[[ Data shown open ]]

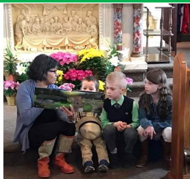
Reading of the Easter Story at Holy Cross
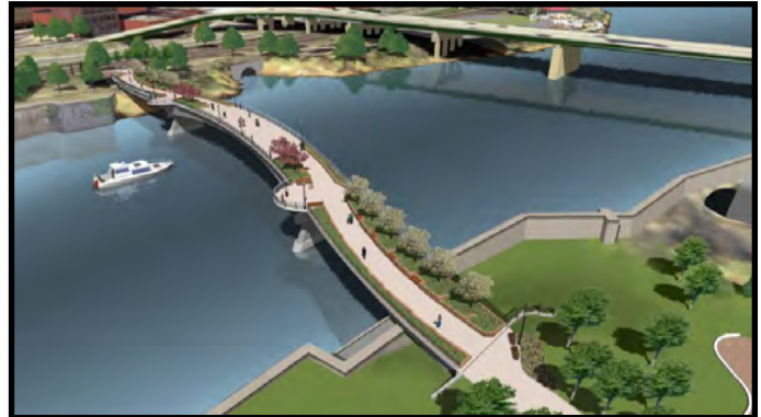
Rendering of planned Mohawk Valley Gateway Bridge

Development parcel directly adjacent to the planned Mohawk Valley Gateway Bridge and recreational area.

[[ Data shown closed ]]

Starting at the line that contains "Rendering of planned" and ending at the last line of the data, repeat each line exactly; include nothing else.

Reply to the task:
Rendering of planned Mohawk Valley Gateway Bridge

Development parcel directly adjacent to the planned Mohawk Valley Gateway Bridge and recreational area.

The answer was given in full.